Modern yaşamın temposu içinde sıkça karşılaştığımız bir cümle: “Yorgunum.” Ancak bazıları için bu yorgunluk, birkaç saatlik dinlenmeyle geçmeyen, günlerce hatta haftalarca süren bir hâl alır. Beden değil, ruh yorulmuştur. Bu noktada devreye giren kavram ise “tükenmişlik sendromu”dur. Ama aslında, tükenen şey çoğu zaman enerji değil, umuttur.
Tükenmişlik, ilk kez 1970’li yıllarda psikolog Herbert Freudenberger tarafından tanımlanmıştır. Başlangıçta yalnızca insanlarla yoğun temas içinde olan meslek gruplarında (doktorlar, öğretmenler, psikologlar) görülse de, günümüzde tüm mesleklerde ve hatta öğrenciler, ev hanımları gibi ücretli bir işte çalışmayan bireylerde de gözlemlenmektedir.
Tükenmişlik; duygusal, zihinsel ve fiziksel kaynakların aşırı şekilde kullanılması sonucu ortaya çıkan, kronik stresin bir ürünü olan bir çökme halidir.
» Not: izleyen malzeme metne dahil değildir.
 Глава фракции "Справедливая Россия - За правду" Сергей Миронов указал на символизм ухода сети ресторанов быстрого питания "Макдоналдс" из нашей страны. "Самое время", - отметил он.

Ancak bu sadece “çok yoruldum” meselesi değildir. Tükenmişlik, zamanla bireyin işine, hayatına, ilişkilerine ve hatta kendi benliğine dair inancını kaybetmesine neden olabilir.
Birçok kişi tükenmişlik yaşarken bunu sadece fiziksel bir yorgunluk olarak yorumlar. Ancak aslında daha derin bir kırılma yaşanıyordur. Enerji eksikliği gibi görünse de, aslında kişi kendi kapasitesine, anlam arayışına ve geleceğe olan inancını kaybetmeye başlar. Gün doğarken heyecan duymamak, eskiden keyif veren şeylere karşı duyarsız kalmak ya da hiçbir hedefin yeterince anlamlı gelmemesi gibi belirtiler gözlemlenebilir.
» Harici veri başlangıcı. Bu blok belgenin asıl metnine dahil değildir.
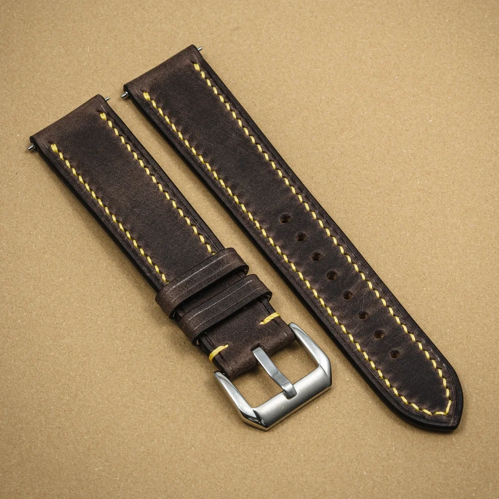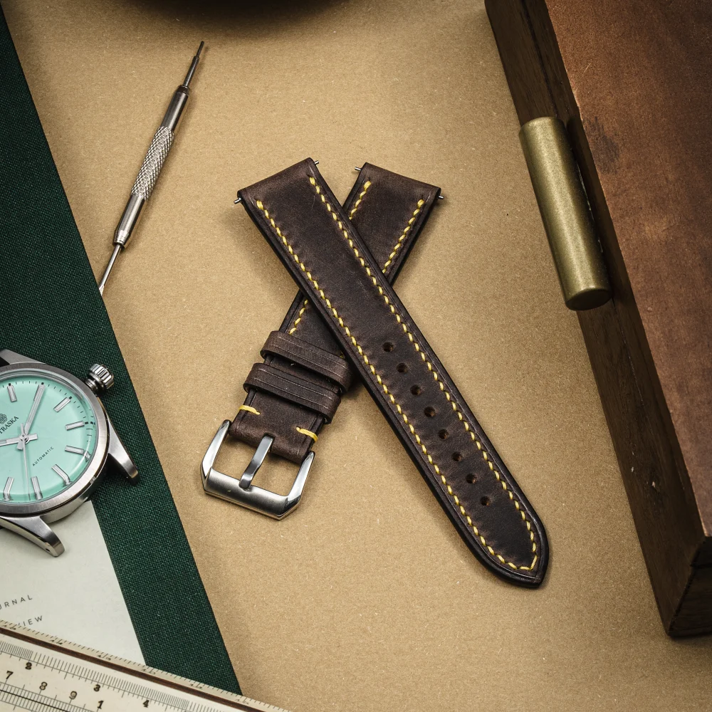 Skóra z biegiem czasu nabiera patyny, podkreśli to kolor i charakter materiału. Lico skóry jest gładkie i bardzo przyjemne w dotyku. Pasek Tempesti Baku Grey/Yellow jest elastyczny, przez co świetnie układa się na nadgarstku od pierwszych chwil noszenia. Klasyczny brązowy kolor przełamałem żółtą nicią, aby nadać odrobinę świeżości i podkreślić ewentualne elementy zegarka. Doskonały wybór dla osób, które szukają klasycznego koloru z drobną nutą szaleństwa.

Bu noktada önemli olan fark şudur: Tükenmişlikte tükenen, kas gücümüz değil; yaşama dair umutlarımız, bağlarımız ve anlam algımızdır.
Tükenmişliğin psikolojik yüzü, genellikle şu şekilde ortaya çıkar:
• Duygusal tükenme: “Hiçbir şey hissetmiyorum”, “Artık hiçbir şey beni heyecanlandırmıyor” gibi ifadelerle dile getirilir. Kişi bir tür içsel boşluk hissi yaşar.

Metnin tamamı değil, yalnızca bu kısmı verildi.